Why give elected officials – and not WisDOT professionals – new oversight powers over which highway projects are approved? Because legislators from rural areas want to make sure that projects statewide – in their regions as well as in the Milwaukee-area — are equally approved or equally delayed.
But that means that only projects in districts represented by Republicans may be approved, warned Erpenbach. “I’d hate to be in the minority party and need a project.”
Which leaves this Act 2 cliff hanger: Will legislators insist on saying that future road projects go through them, or go back to letting WisDOT professionals do their jobs?
Act 3: Which Republicans Prevail on Wages?
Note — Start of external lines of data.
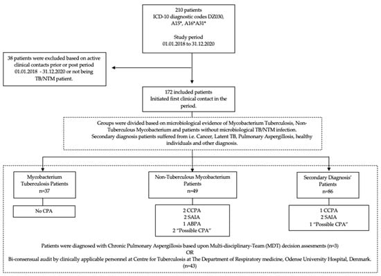 The primary outcome of this study was the incidence of CPA in TB and NTM patients. The secondary outcome was the CPA incidence of the included population. The study population was grouped for comparative analysis based upon microbiological evidence of mycobacterium tuberculosis and non-tuberculous mycobacterium or classified as Secondary Diagnosis (SDG); see Figure 1 for further details.
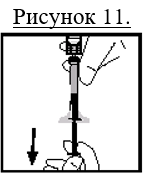 • Затем медленно потяните за поршень, чтобы набрать жидкость в шприц (см. рисунок 11). Для взрослых пациентов наберите полный объем. Для детей отберите только часть жидкости согласно указаниям лечащего врача. После того, как Вы набрали Энбрел Лио из флакона, в шприце может оставаться некоторое количество воздуха. Не беспокойтесь по этому поводу - воздух из шприца будет удален при следующем шаге.
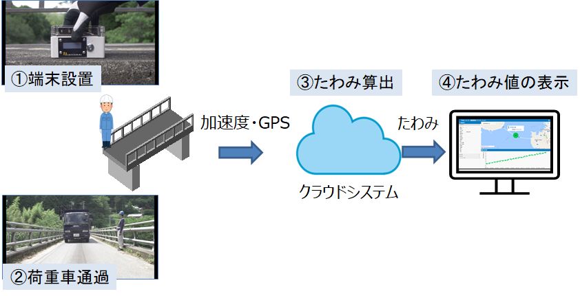 ・計測データの整理において、データ記録装置(データロガー等)から計測データを抜き出し、計測対象橋梁と対応付ける人手作業から、計測機器にGPS情報を使って地図上の計測橋梁と計測データをセットでクラウド上に自動保存する仕組みに変えた。
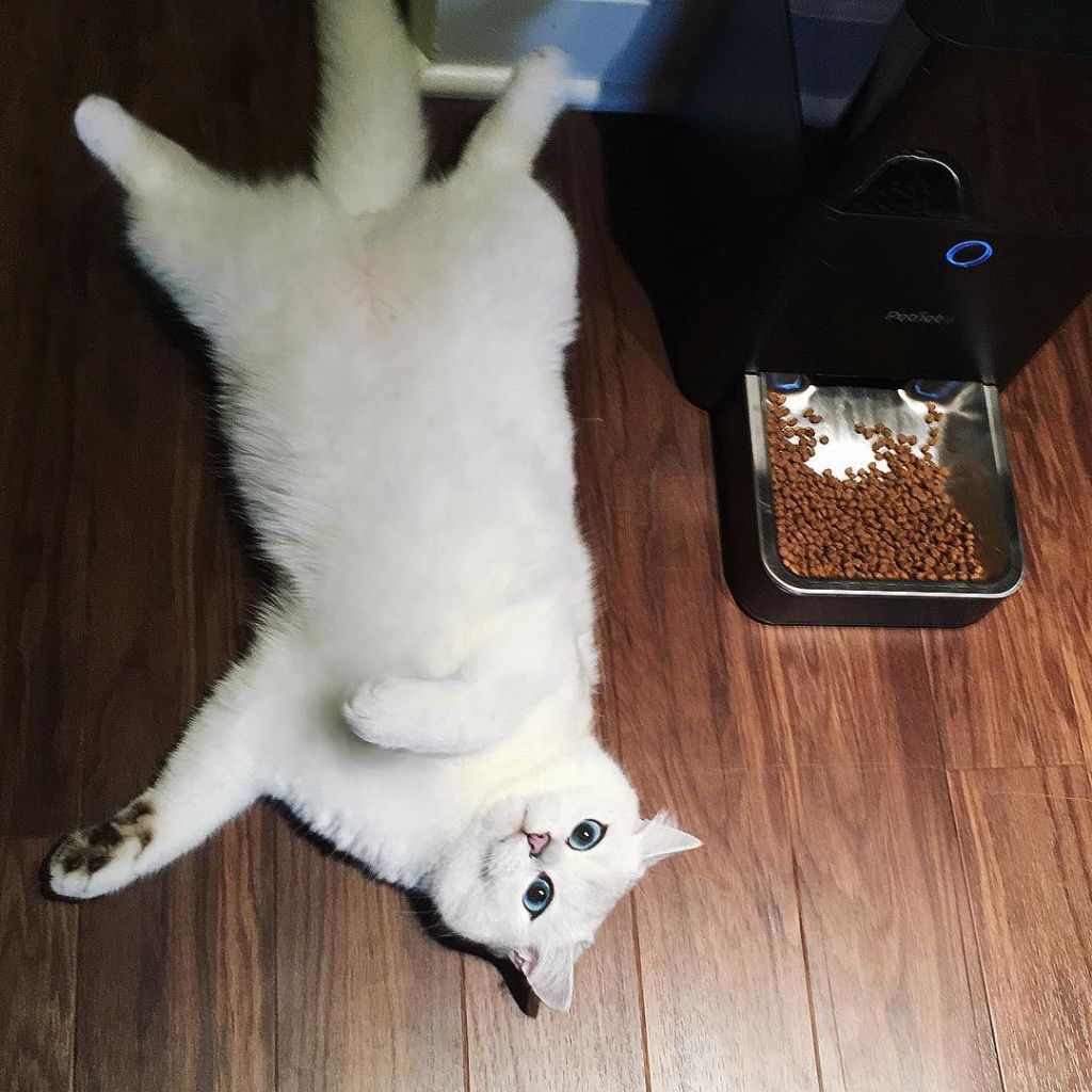Описание кошки Коби никак не напоминает британских короткошерстных. Она имеет белоснежную шубку и невероятной глубины голубые глаза
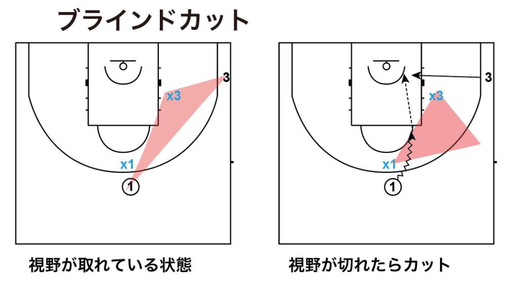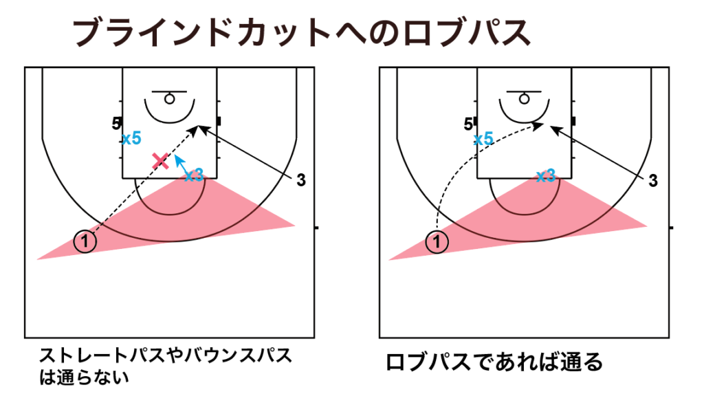 ブラインドカットに対して、使うノールックパスは2種類あります。
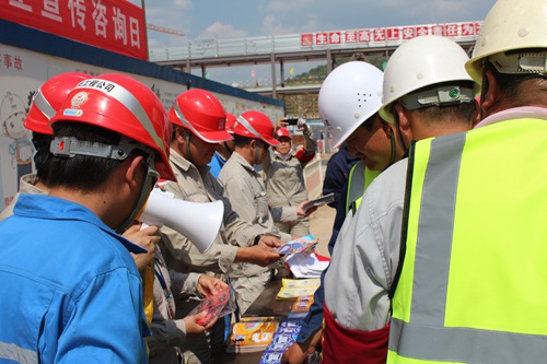 活動以懸掛橫幅、設(shè)立咨詢臺、擺放宣傳展板、發(fā)放宣傳資料等各種靈活多樣的形式開展。活動現(xiàn)場,項目部工作人員積極向廣大參建人員傳播安全生產(chǎn)理念,普及安全生產(chǎn)相關(guān)政策法律法規(guī),安全科普常識、應(yīng)急處置和自救互救方法等,著力提高廣大參建人員的安全意識、防災(zāi)避險和應(yīng)急處置能力。同時,項目HSE領(lǐng)導(dǎo)重點對職業(yè)安全健康、現(xiàn)場安全管理知識以及“安全生產(chǎn)年”等方面進(jìn)行了講解。
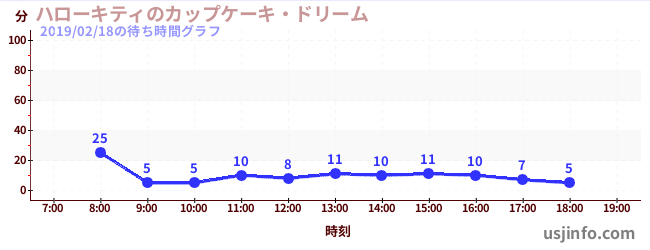 • ハローキティのカップケーキ・ドリーム$B$N(B2019年02月18日の待ち時間
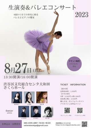 『生演奏&バレエコンサート』が2023年8月27日 (日)に渋谷区文化総合センター大和田 さくらホール(東京都渋谷区桜丘町23番21号)にて上演されます。 チケットはカンフェティ(運営:ロングランプランニング株式会社、東京都新宿区、代表取締役:榑松 大剛)にて6月5日(月)10:00より発売開始です。
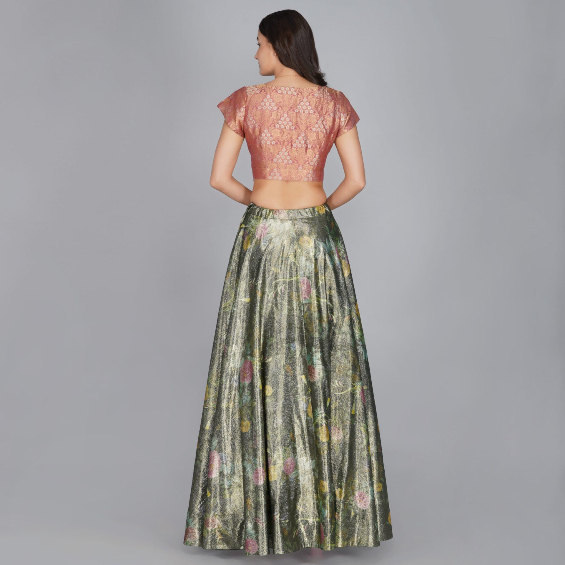 Blending the beauty of elegant florals with the alluring glitter and the breathtaking smooth drapes creates this timeless piece . Adding on the luxury are handcrafted beads latkan details .
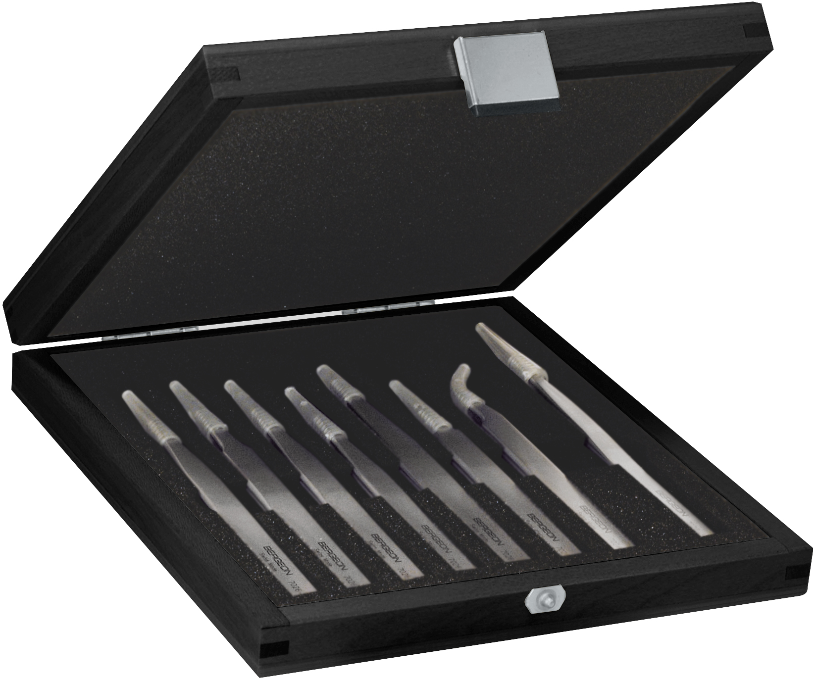 Bergeon Kornzangen-Set 8 Stück Bergeon Form 1-2-3-3C-5-AA-7-SS antimagnetisch
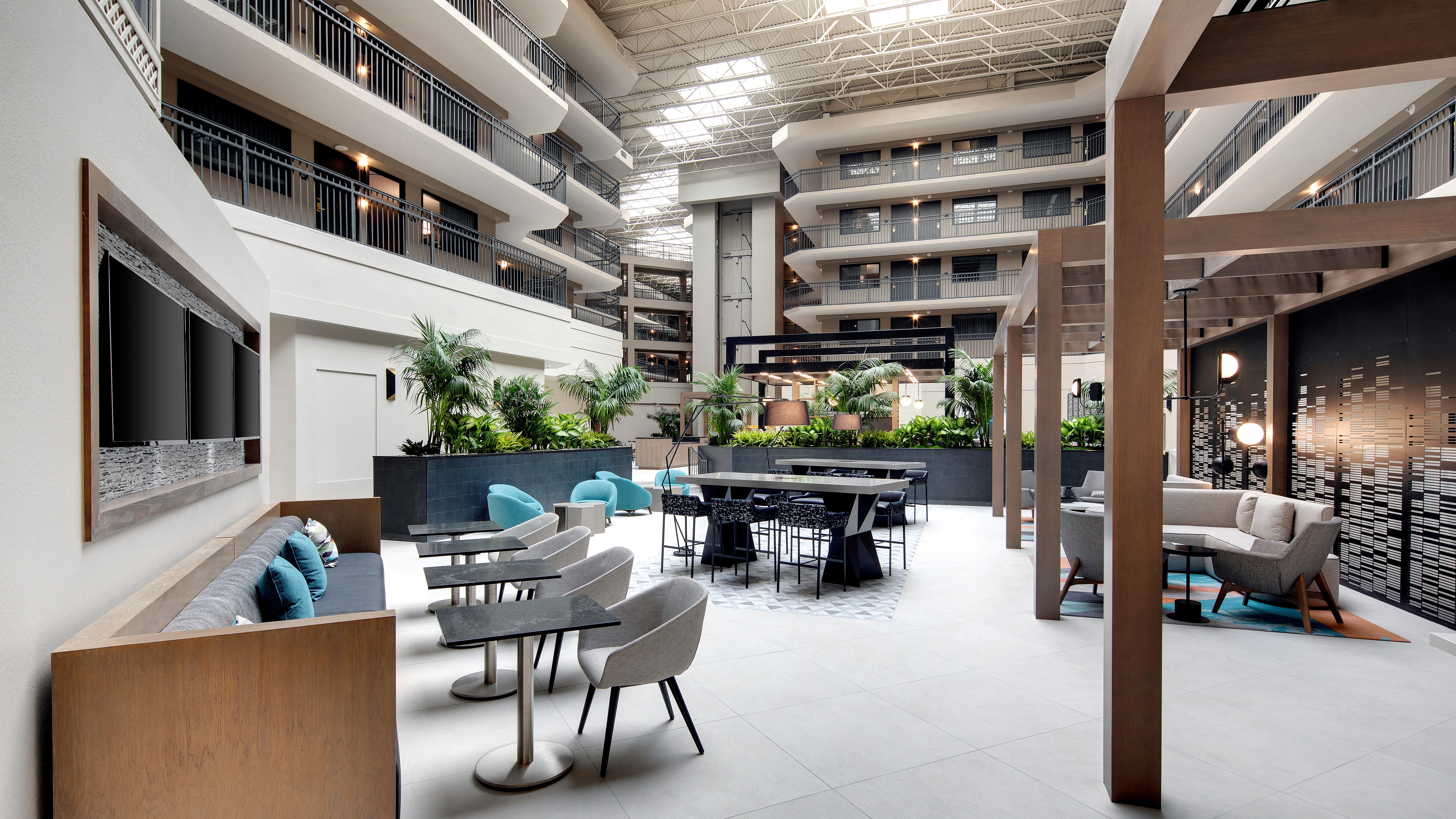 Managed by Hospitality Ventures Management Group; phase one for Embassy Suites by Hilton San Rafael Marin County’s renovation, which began in July 2019, included a complete redesign and upgrade of all 236 guest suites. The property modernization also features a fitness center with separate strength training and cardio areas, including Peloton bikes, indoor heated pool, outdoor patio dining and relaxation areas, E’Terie Market, guest laundry, connectivity center, and over 19,000 square feet of flexible meeting space.

Wisconsin’s prevailing wage laws were passed in the 1930s, when the Great Depression required that pay and fringe benefits be high enough to let workers provide for their families. Now, however, legislators like Rep. Bob Kulp (R-Stratford), a roofing contractor, say it means that a worker on a government project makes up to $51 per hour, while his neighbor working on a job for a private company makes $25 per hour.
Some Republicans want to repeal all prevailing wage laws. Others favor compromises that would repeal wage requirements only on local government projects. Some Republicans – and every Democrat – want no change in current laws.